### Exercise directions
Repeat exactly the lines of the records below, starting at the line containing "ANRABESS Women's Two" and ending at the line containing "昨年、5年生が作成した「欄間」を職員室前の廊下に掲示しています。". Leave the pictures out.

### Input records
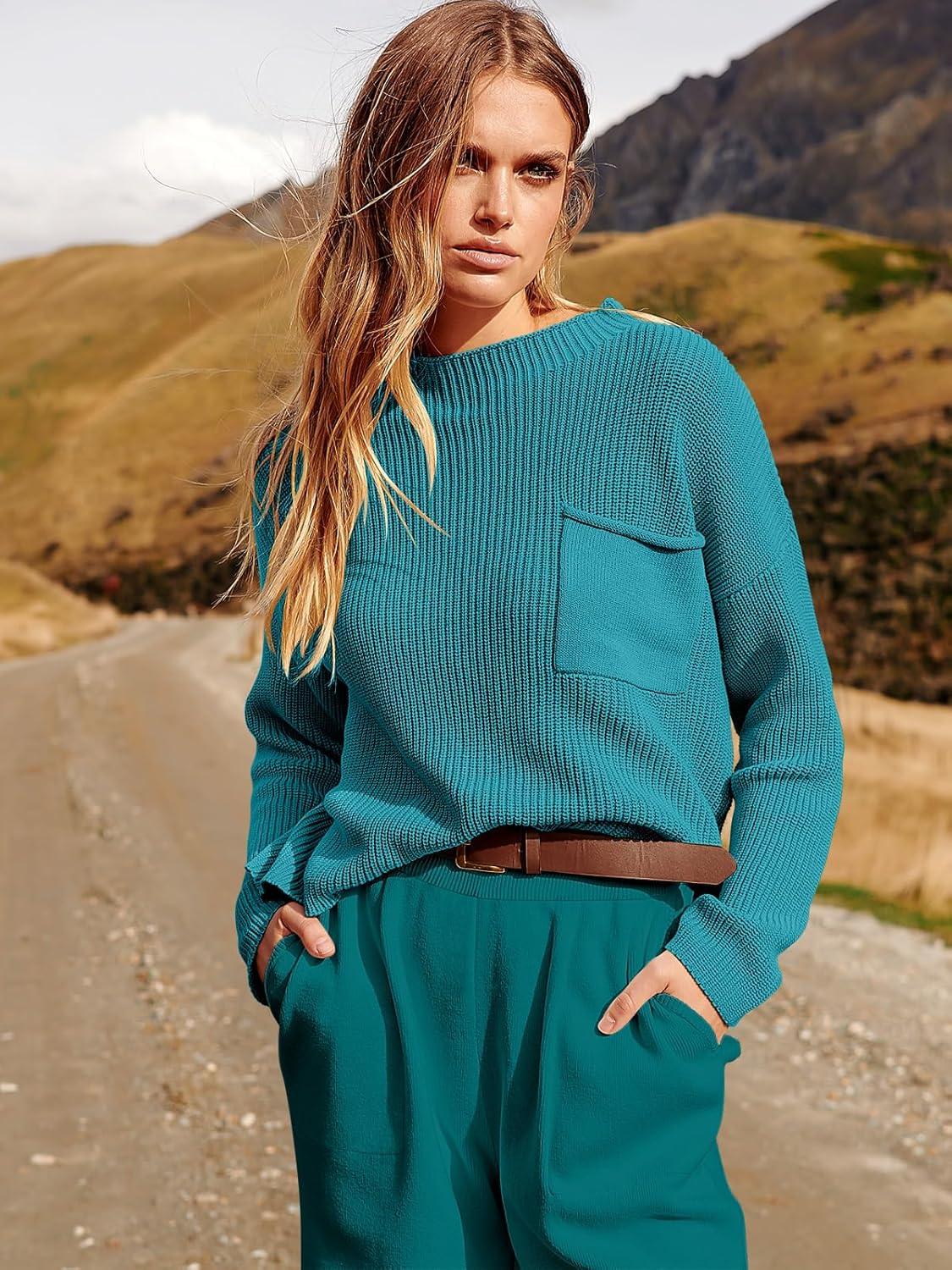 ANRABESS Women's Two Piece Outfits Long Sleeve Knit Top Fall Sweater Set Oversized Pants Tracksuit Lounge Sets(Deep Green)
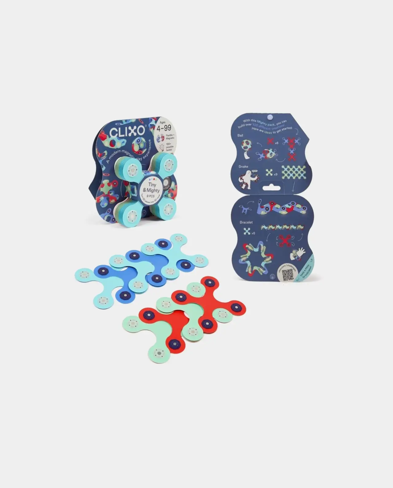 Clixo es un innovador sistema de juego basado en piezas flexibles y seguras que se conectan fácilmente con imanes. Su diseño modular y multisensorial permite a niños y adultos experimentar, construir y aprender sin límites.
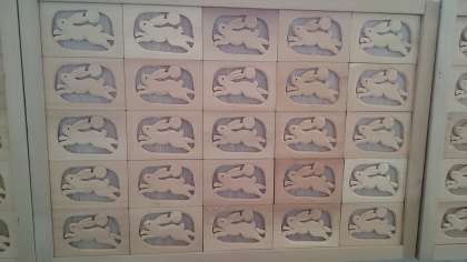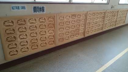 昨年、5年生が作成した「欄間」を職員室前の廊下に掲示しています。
...
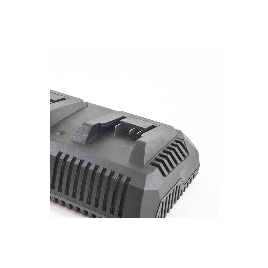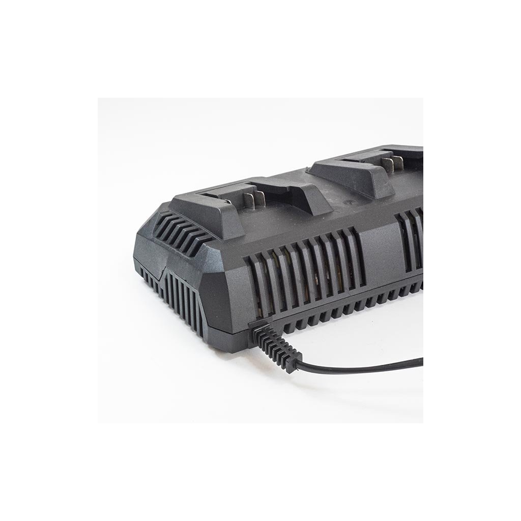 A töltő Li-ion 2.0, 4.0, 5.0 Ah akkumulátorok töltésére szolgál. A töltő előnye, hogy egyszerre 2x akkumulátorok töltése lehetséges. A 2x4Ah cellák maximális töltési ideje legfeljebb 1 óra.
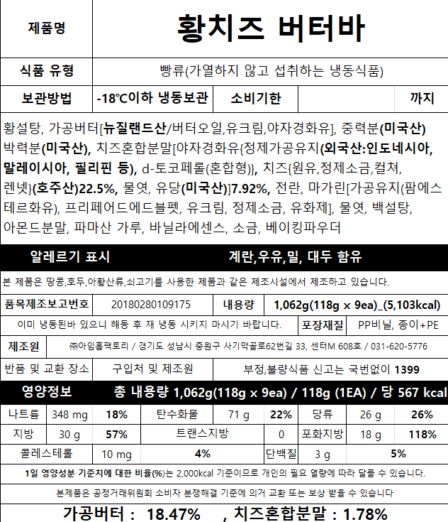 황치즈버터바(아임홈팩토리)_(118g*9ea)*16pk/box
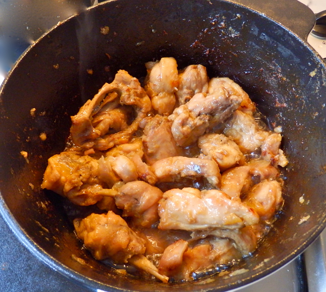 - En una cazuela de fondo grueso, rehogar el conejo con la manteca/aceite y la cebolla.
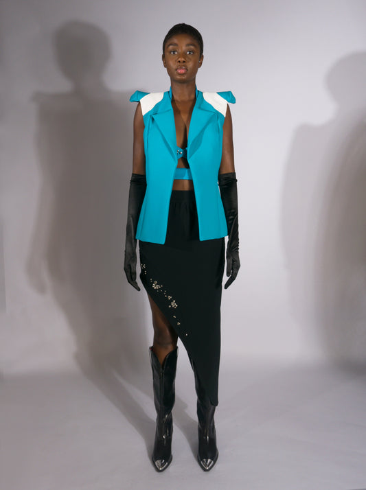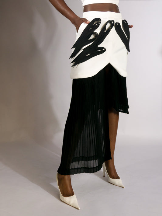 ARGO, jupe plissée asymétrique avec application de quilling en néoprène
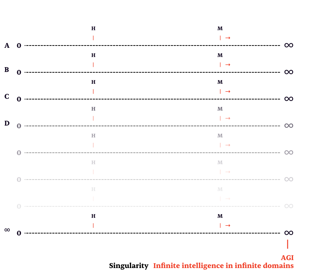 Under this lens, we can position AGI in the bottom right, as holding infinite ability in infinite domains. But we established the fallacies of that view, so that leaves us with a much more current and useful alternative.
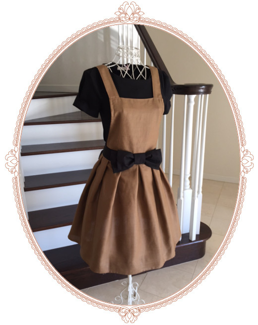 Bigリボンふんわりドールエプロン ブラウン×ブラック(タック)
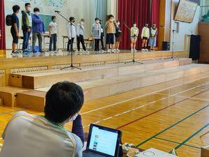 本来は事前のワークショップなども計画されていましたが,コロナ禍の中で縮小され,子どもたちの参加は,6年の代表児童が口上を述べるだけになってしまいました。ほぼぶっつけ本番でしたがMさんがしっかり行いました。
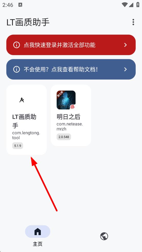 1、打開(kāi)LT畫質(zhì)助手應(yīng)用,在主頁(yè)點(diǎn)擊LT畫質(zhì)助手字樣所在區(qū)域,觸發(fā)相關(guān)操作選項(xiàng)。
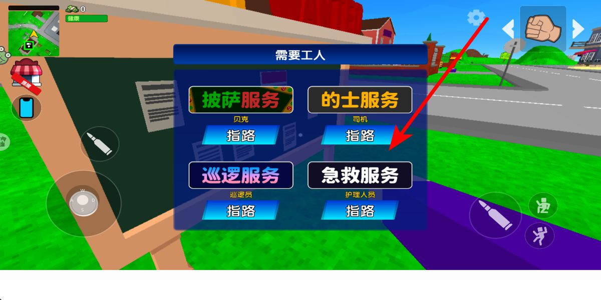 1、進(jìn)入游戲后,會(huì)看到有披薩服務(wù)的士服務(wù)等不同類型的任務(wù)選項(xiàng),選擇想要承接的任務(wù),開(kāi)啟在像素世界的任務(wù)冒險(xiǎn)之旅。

### Your solution
 ANRABESS Women's Two Piece Outfits Long Sleeve Knit Top Fall Sweater Set Oversized Pants Tracksuit Lounge Sets(Deep Green)
 Clixo es un innovador sistema de juego basado en piezas flexibles y seguras que se conectan fácilmente con imanes. Su diseño modular y multisensorial permite a niños y adultos experimentar, construir y aprender sin límites.
 昨年、5年生が作成した「欄間」を職員室前の廊下に掲示しています。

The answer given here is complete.